FIG. 6 is a plan view showing a planar shape of a conventional inductor device using an amorphous ribbon.

FIG. 7 is a sectional view showing a sectional shape of a conventional inductor device using an E-shaped core.

FIG. 8 is a plan view showing a planar shape of a conventional inductor device using an E-shaped core.

[Explanation of symbols]

 DESCRIPTION OF SYMBOLS 11 ... Printed wiring board 100 ... Soft magnetic material 101a ... Soft magnetic material 101b ... Soft magnetic material 103 ... Soft magnetic material 104 ... Soft magnetic material 200 ... Spiral coil

──────────────────────────────────────────────────の Continued on the front page (51) Int.Cl. ⁶ Identification code FI H01F 37/00 H01F 27/24 C J

Claims (8)

[Claims] 1. A printed circuit board, and a spiral coil formed on the printed circuit board and having a spiral pattern, wherein the spiral coil is disposed on a front surface and a back surface of the substrate. An inductor device having a structure sandwiched by a body, wherein a through-hole is provided at a position corresponding to a central portion of the spiral coil on the substrate, and a second soft magnetic body is arranged in the through-hole. apparatus. 2. The inductor device according to claim 1, wherein the first soft magnetic material is made of an amorphous magnetic material. 3. The inductor device according to claim 1, wherein the second soft magnetic material is made of an amorphous magnetic material, or a ferrite or dust-based material. 4. A method according to claim 1, wherein a second through hole is provided on the substrate at a position corresponding to a side portion of the spiral coil, and a third soft magnetic body is disposed in the second through hole.
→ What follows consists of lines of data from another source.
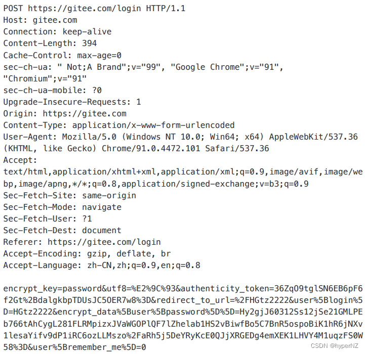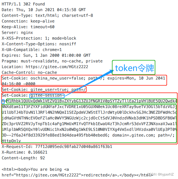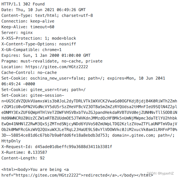 例如:码云的登陆⻚⾯ https://gitee.com/login ,抓包看到的响应结果:可以看到 header 中的 Location: https://gitee.com/HGtz2222 ,接下来浏览器就会⾃动发送 GET 请求,获取 https://gitee.com/HGtz2222。
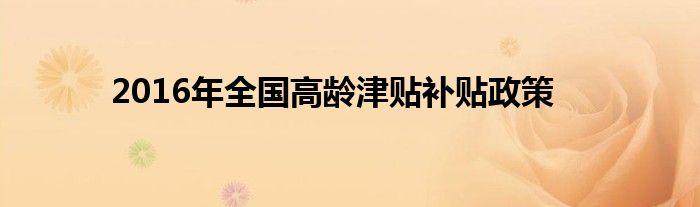 本文,2016年全国高龄津贴补贴政策到此就分享完毕,希望对大家有所帮助。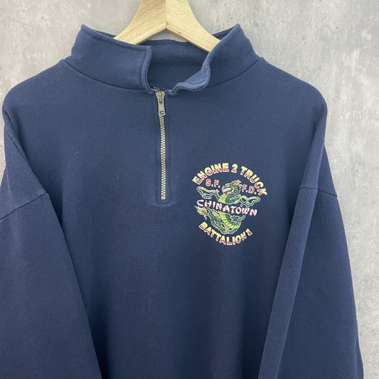 00s vintage 古着 ビンテージ ジャージーズ JERZEES スウェット ハーフジップ 龍 バックプリント チャイナタウン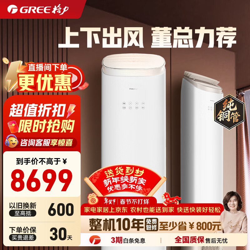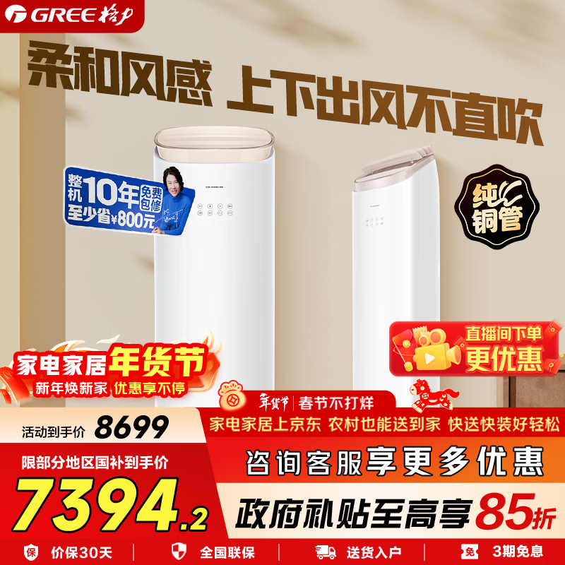 格力(GREE)空调3匹 王者(同京致)新一级能效变频冷暖 纯铜管上下出风不直吹 恒温立体送风 客厅空调立式柜机 王者 3匹 【上下出风不吹人】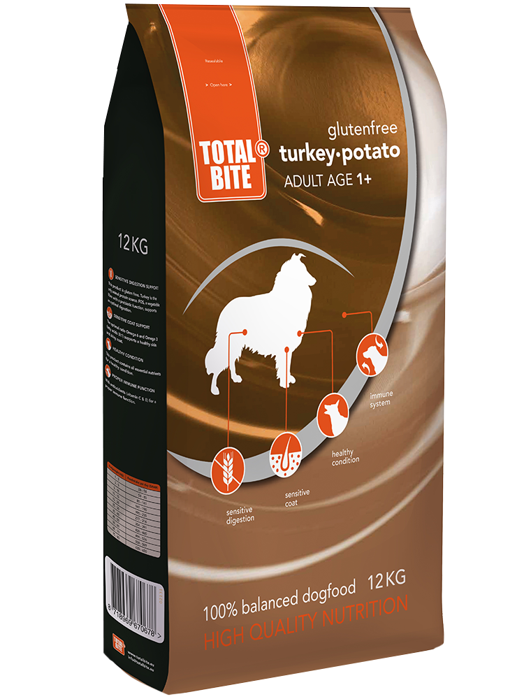 Total Bite Dog Turkey & Potato zorgt ervoor dat je hond in een optimale conditie blijft. Het voer is volledig gluten- en graanvrij en verlaagt de kans op voedselintolerantie en allergische reacties. Daarnaast is dit voer ideaal voor honden met een gevoelige maag (graanvrij). De aanwezige Yucca helpt om de darmen te reinigen, waardoor de ontlasting minder stinkt.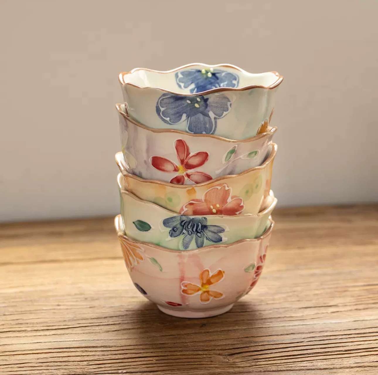 日本製瀨戶燒手繪花卉點心鉢 🇯🇵日本製 🌿日系小鉢,明媚生動,溫暖質樸 🌻邊沿起伏,波紋般生生不息,是花卉的形狀 🌷低飽和度色調,溫和有質感 🪴器形小巧,適合盛放小料、水果、甜點…等 🪻適用於微波爐、洗碗碟機、消毒櫃 尺寸:直徑約9.5cm x 高5cm 產地:日本 材質:陶瓷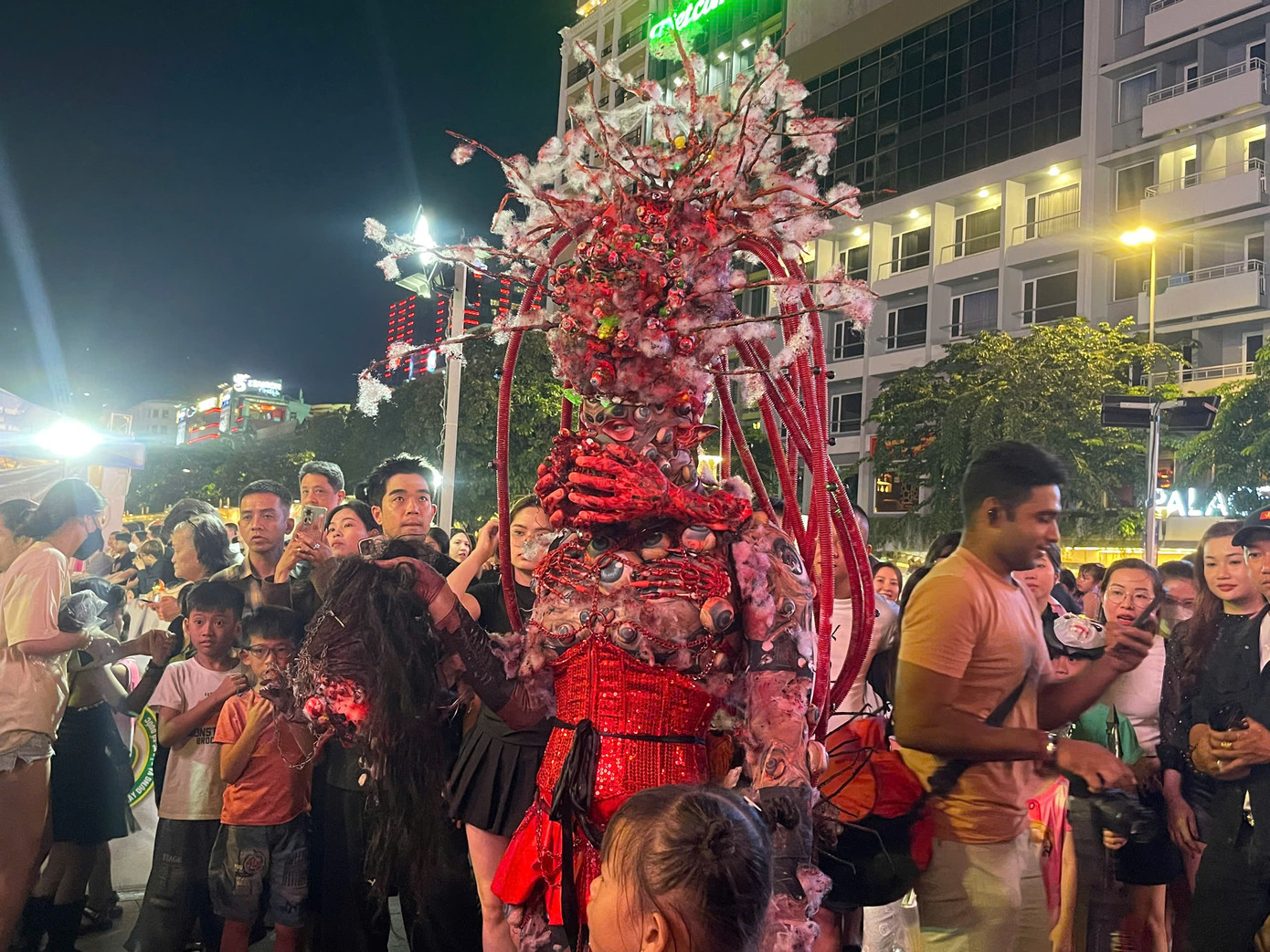 Ngày hội là dịp để các bạn trẻ thỏa sức sáng tạo, biến hóa từ các nhân vật nổi tiếng trong phim ảnh, các nhân vật hoạt hình đến những hình tượng ma quái như phù thủy, ma cà rồng, xác sống... Những bộ trang phục cầu kỳ, đôi khi "rùng rợn", đi kèm với mặt nạ, máu giả và trang điểm sắc nét đã tạo nên một không khí đặc biệt cho đêm hội. Ánh đèn mờ ảo từ các quán cà phê dọc phố đi bộ càng tăng thêm vẻ huyền bí, khiến người đi đường không khỏi “rùng mình” xen lẫn sự thích thú.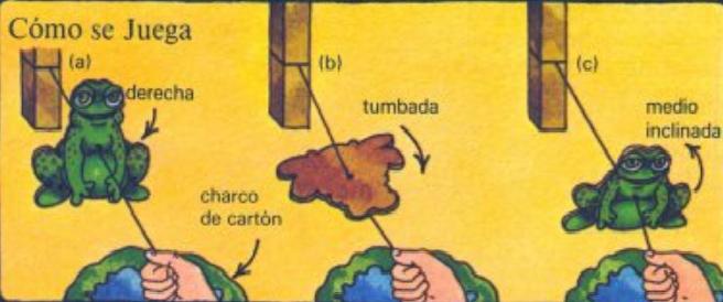 Cómo se juega: ata un extremo de cada cuerda a la pata de una silla, de manera que la rana quede en el centro con los pies rozando el suelo. Coloca un charco o estanque de cartón, en el otro extremo de cada cuerda. Cada jugador, debe sujetar el extremo de su cuerda y tiene que moverla de arriba a abajo para que la rana avance saltando por ella. La primera rana que llegue a su charco o a la línea de meta será la ganadora.
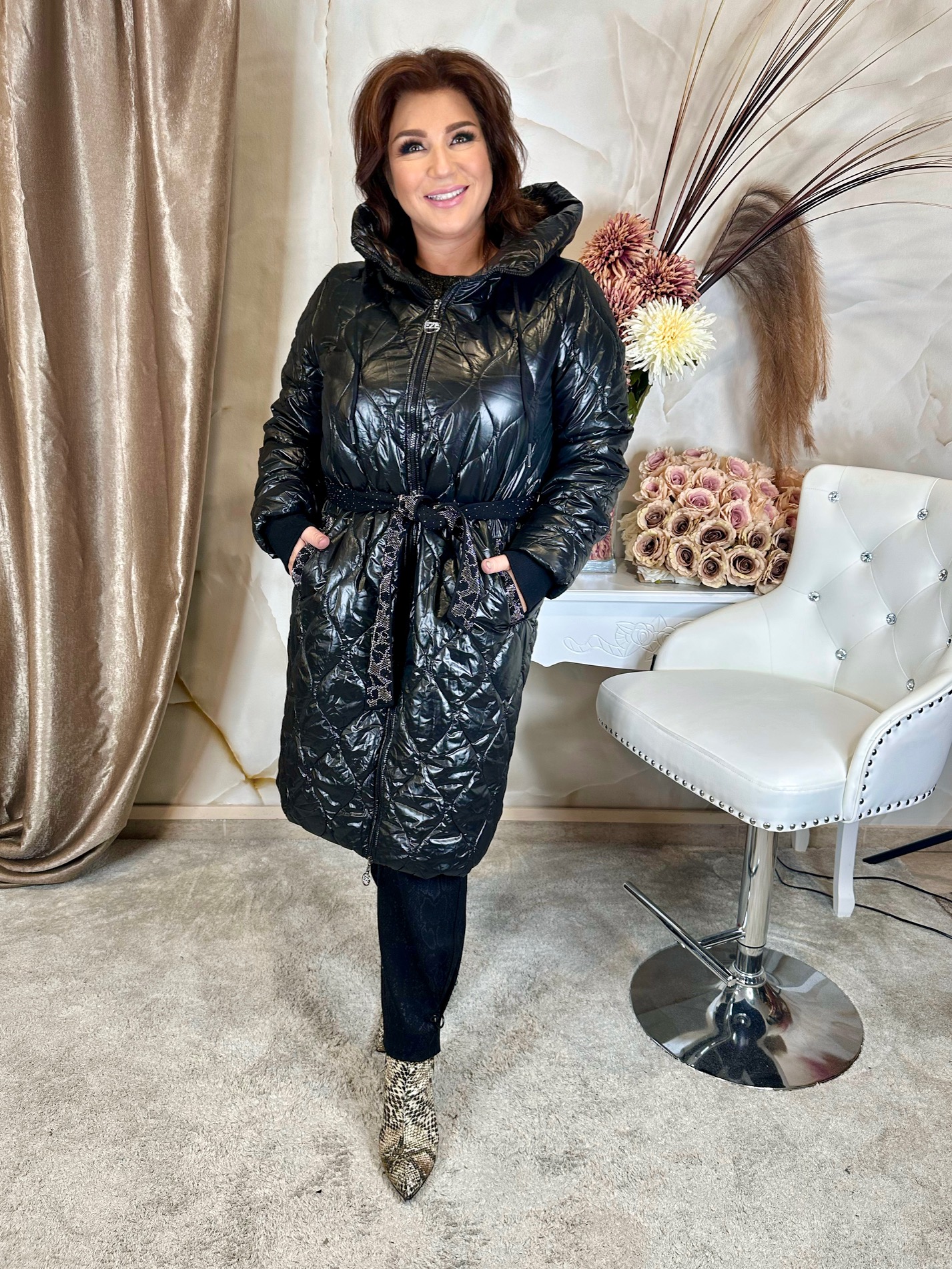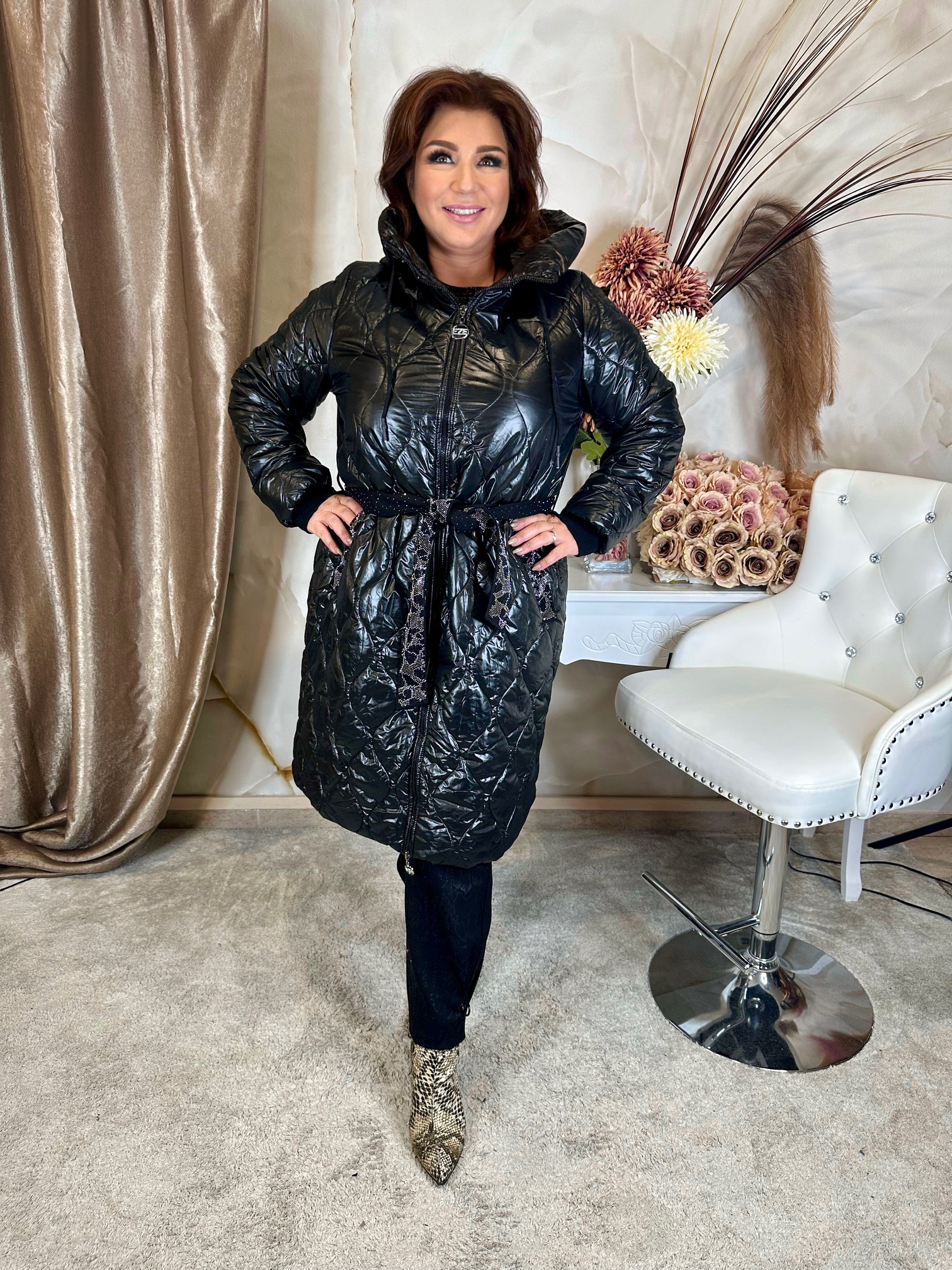 Fekete selyemfényű steppelt kabát, ezüst kristályokkal, levehető övvel

The inductor device according to claim 1. 5. The inductor device according to claim 4, wherein a dust-based material is used as the second and third soft magnetic materials or one of the soft magnetic materials. 6. The device according to claim 1, wherein the first magnetic body has a size at least larger than a pattern of the spiral coil so as to cover the entire spiral coil.
Item 20. 7. A printed wiring board; a spiral coil formed on the printed wiring board, the spiral coil having a spiral pattern; and a through-hole provided at a position corresponding to a center of the spiral coil on the substrate. A first soft magnetic body disposed; and second and third flat soft magnetic bodies disposed so as to sandwich the entire spiral coil from the front and back surfaces of the substrate. Inductor device. 8. A method according to claim 1, wherein a second through hole is provided on the substrate at a position corresponding to a side portion of the spiral coil, and a fourth soft magnetic material is arranged in the second through hole. The inductor device according to claim 7.